SAP Learning Journey

Explaining Identity Access Management

Objectives
After completing this lesson, you will be able to:

After completing this lesson, you will be able to:

  • Understand the authorization tools and concept in SAP S/4HANA Cloud, Public Edition
  • Create business users in SAP S/4HANA Cloud, Public Edition
  • Create and assign business roles in SAP S/4HANA Cloud, Public Edition
  • Check user authorization

SAP Cloud Identity Services

SAP Cloud Identity Services

Play the video to gather more information on SAP Cloud Identity Services.

Authorization Concept in SAP S/4HANA Cloud, public edition

Authorization Concept

Access to business applications is controlled by role-based authorization management. Business Roles are assigned to Business Users to grant access to the required applications and functionality needed for their job requirements.

  • A Business User is an employee, contractor, administrator, or any other person who needs access to log into the SAP S/4HANA Cloud system.
  • A Business Role is a template of access rights that can be assigned to business users.
  • A Technical User corresponds to a local or remote process which is typically part of the cloud management process (for example, system provisioning or support), or intrinsic system processes (for example, periodic cleanup of logs). Technical users can belong to the software or service provider, or the customer.

Try it out

Learn how to find business roles for a scope item.

ExerciseStart Exercise

Authorization Process

Get to know more about the Authorization Concept by selecting each step.

  • A Business Role (for example, sales manager) is assigned to a Business User to grant permission to access applications in SAP S/4HANA Cloud.
  • A Business Role can include one or more Business Catalogs (for example, sales order processing).
  • Business Catalogs provide access to one or more applications, dashboards, displays of data, or functionality.
  • Administrators can control visibility to the information/functionality granted through a Business Catalog by applying restrictions (for example, based on sales organization).
  • Restrictions allow you to define what a Business User can view (read) or edit (write) with the information/functionality granted per each Business Catalog within the assigned Business Role.

The Business Catalog defines which access categories are available (Value Help, Read, Write), and for which fields restriction values can be maintained. The fields vary per catalog, as they are based on the fields within the apps in the catalog. The Business Role aggregates restrictions for all Business Catalogs.

Administrators define a restriction based on a supported field (for example, company code, country, controlling area, and so on). Supported restriction fields vary per Business Catalog, as they are based on the fields within the apps in the catalog. You can restrict data access for the Value Help, Read, and Write categories separately.

  • Value Help
    • You can restrict a user's ability to access the value help information (for example, restrict value help access to business partners to belong to certain authorization groups).
    • The value help restrictions do not influence the restrictions defined for read access.
  • Read, Value Help
    • You can restrict a user's Read (view) access based on the available restriction fields.
    • By default, the Read access for any new business role is Unrestricted.
    • You can define restrictions based on the restriction fields (for example, company code, supplier account group).
    • You must grant some type of access for each field. If you do not want to restrict access for a field, you can choose Unrestricted (*) to grant full Read access for data related to the specific restriction field.
  • Write, Read, Value Help
    • You can restrict a user's Write (edit) access based on the available restriction fields.
    • By default, the Write access for any new business role is No Access.
    • You can define restrictions based on the restriction fields (for example, company code, supplier account group).
    • You must grant some type of access for each field. If you do not want to restrict access for a field, you can choose Unrestricted (*) to grant full Write access for data related to the specific restriction field.
    • If a user has access for Write, the assumption is Read access is granted too, because you would have to be able to view the information in a field to be able to edit it.

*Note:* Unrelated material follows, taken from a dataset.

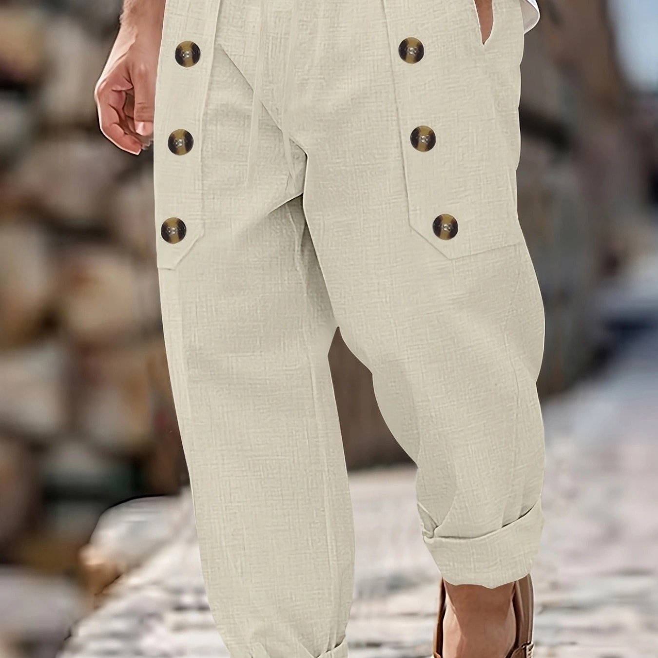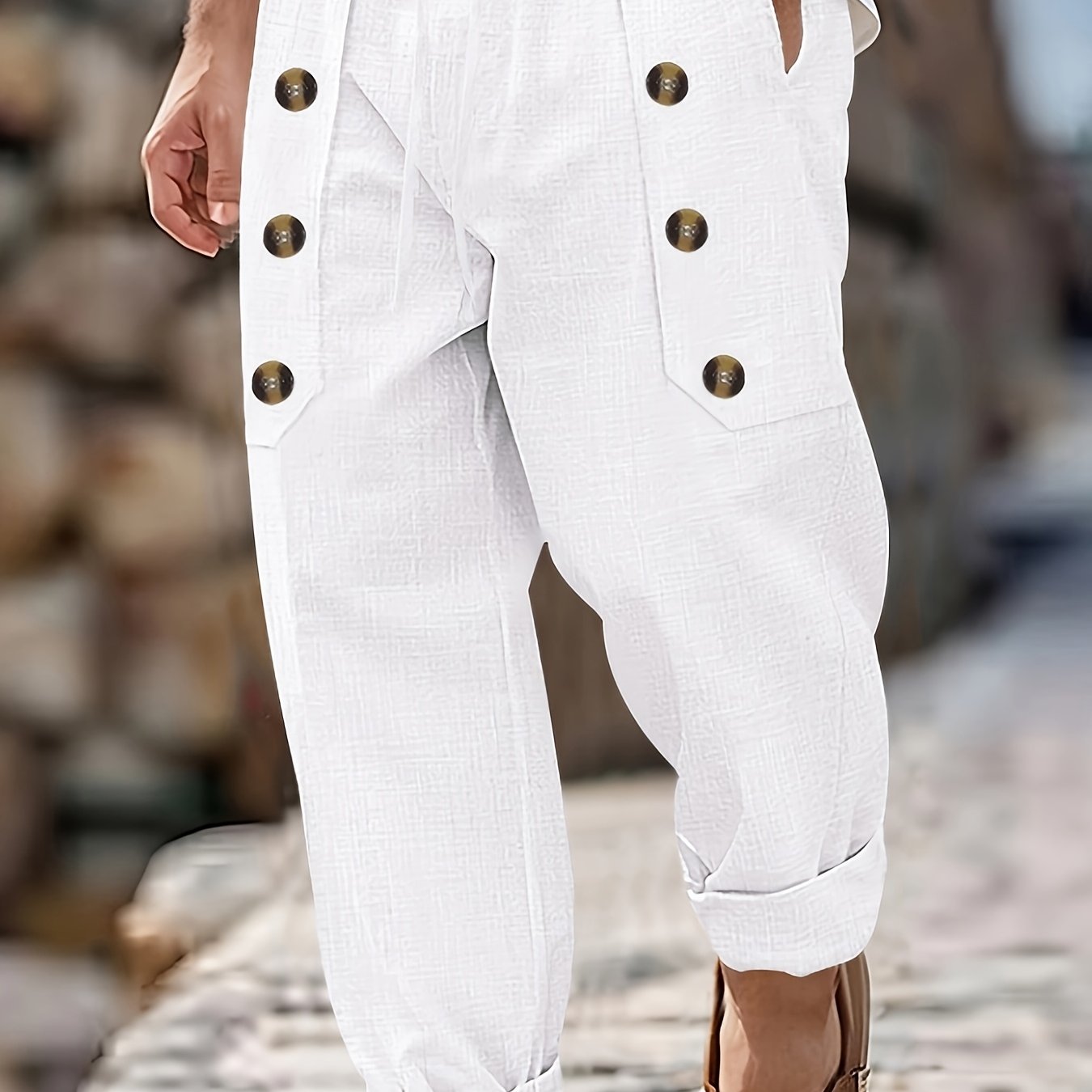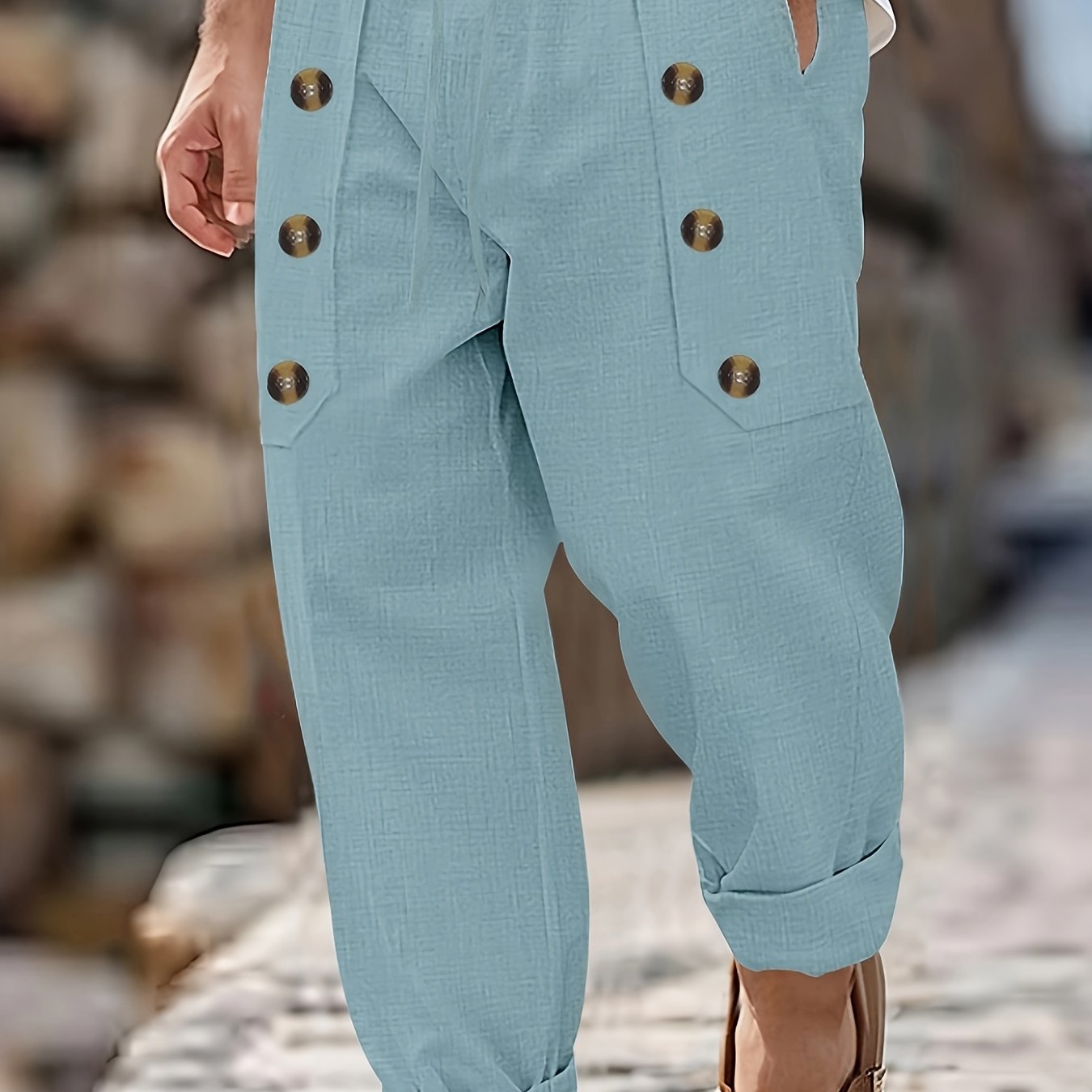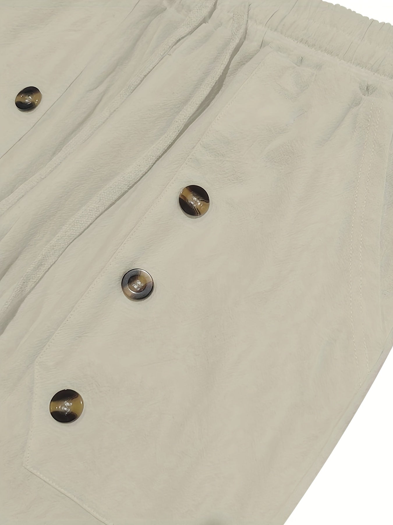 - Adjustable button and drawstring waist for a customized fit

To apply General Restrictions, an Administrator should first make a copy of the SAP Standard Business Role, or create a new role based on the SAP Standard Business Role Template. For example, if you need to restrict access in the Accounts Payable Accountant Business Role for some users to only Company Code 1710 (United States), and for some users to only Company Code 1010 (Germany), you will create two new Business Roles based on the SAP Standard Accounts Payable Accountant role.

You should name the roles accordingly (for example, Accounts Payable Accountant_1710). In the first business role, you edit the role and maintain the restriction value(s) for the entire Business Role (for example, define the Company Code field = 1710). Then, you may edit the individual business catalogs within the role and define the access category (for example, Value Help, Read, Write) as Restricted.

When you create a new Business Role, the Read access is set to Unrestricted (*) and Write access is set to No Access by default. When an access category is Restricted, you must select a specific field value (for example, Company Code = 1710) or grant unrestricted access (*). If you leave fields empty within a business catalog, a user will have No Access to the field in the business catalog's granted apps.

Create Business Users

Manage Workforce Application

The Manage Workforce app, is used to create and update worker information for both employees and contingent workers, including work agreements and changing employment situations. This app enables you to upload/edit employee information independent of an HR system of record.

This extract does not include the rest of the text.